First, let's do a little recap. Similar to many other countries, the nationalization process here lasted for centuries. The first attempt took place in 1600, when Transylvania, Wallachia and Moldavia (regions that were later on integrated into the state that exists today) were united for a short period. There were also other attempts for a united country that culminated in the year 1918, when the Great Union was completed, and all the Romanian territories were integrated into one.
But why did I started to think about Stephan the Great? To celebrate the centenary of a new project, Via Transilvanica, was launched in Romania. In the next 10 years, a peregrinate road will be arranged to lead to the Putna Monastery.
The Putna Monastery was built by Stephan the Great, the voivode of Moldavia between 1457 and 1504. He is the best known for the campaigns against the Ottoman Empire. He ruled for 47 years, which is a significant achievement in the Romanian principalities of that time. It is said that he fought in 36 battles, and lost only one. His reign also corresponds to a period of a great architectural upsurge and cultural development.
The Putna Monastery was the first in a series of ecclesiastic monuments built by this great ruler and was destined to become his burial place.
It is also one of the most important cultural and religious centers of medieval Moldavia. It was built between 1466 and 1469 to thank the God for winning the battle which led to the conquering of the Kiliya city.
There are different theories but the monastery suffered at least a restoration in the 17th century. The reason: the monastery was robbed and burned in 1653. It was redesigned between 1654 and 1662 by Vasile Lupu and his followers Gheorghe Stefan and Istrate Dabija. During this reconstruction, the monastery lost its facade painting. This event made the monastery, in my opinion, even more special, as its uniqueness consists of a simple facade.
In 1791, the metropolitan bishop Iacov ordered a fountain that is placed in the yard of the monastery.

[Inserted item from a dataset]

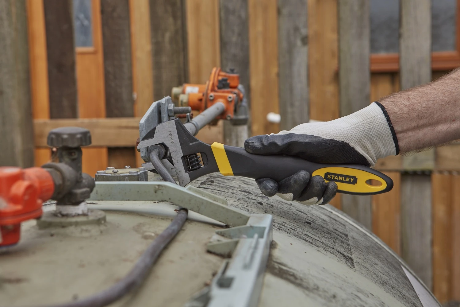 Deze Stanley verstelbare moersleutel heeft een bimateriaal handvat is daarbij extra fijn om te gebruiken.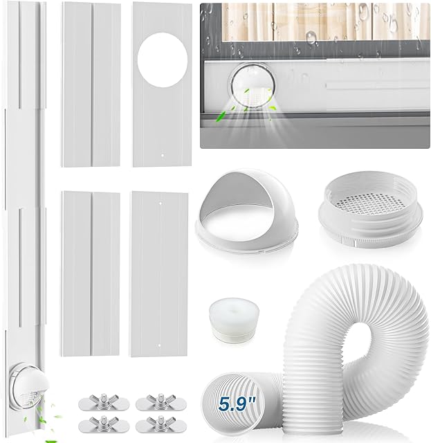 Insputer Portable AC Window Vent Kit with 5.9″ Exhaust Hose & Coupler, Adjustable Air Conditioner Window Seal Kit for Sliding Vertical/Horizontal Windows (4 Pcs)

He also commisioned the bell, which can be seen even today.
The old building of the abbey, on the western side, was demolished in 1970, to make a place for the construction of the museum and the library.
The monastery ensemble is surrounded by the fortified walls and includes the church, the access tower gate, the bell tower, sanctums, a chapel and a museum (which houses religious objects, manuscripts, and ceramics from the medieval era).
The church still has its initial planimetry: three-apsed design, with porch, narthex, burial vault, nave and an altar. Due to the reconstruction, the church suffered some alterations to the vaulting system of the nave, whose cross arches are supported by a succession of pilasters. The number of windows was increased from one to three, for each apse.
The church houses the tombs of Stephan the Great, Mary, his wife, Mary, his daughter, Bogdan (ruler between 1504 and 1517), his son, and Stefanița (ruler during 1517 and 1527) and his nephew.
The Putna Monastery is one of the most important ecclesiastical monuments in Moldavia, and visiting it should definitely be on your bucket list. As for me, this was my exiting attempt to remember history.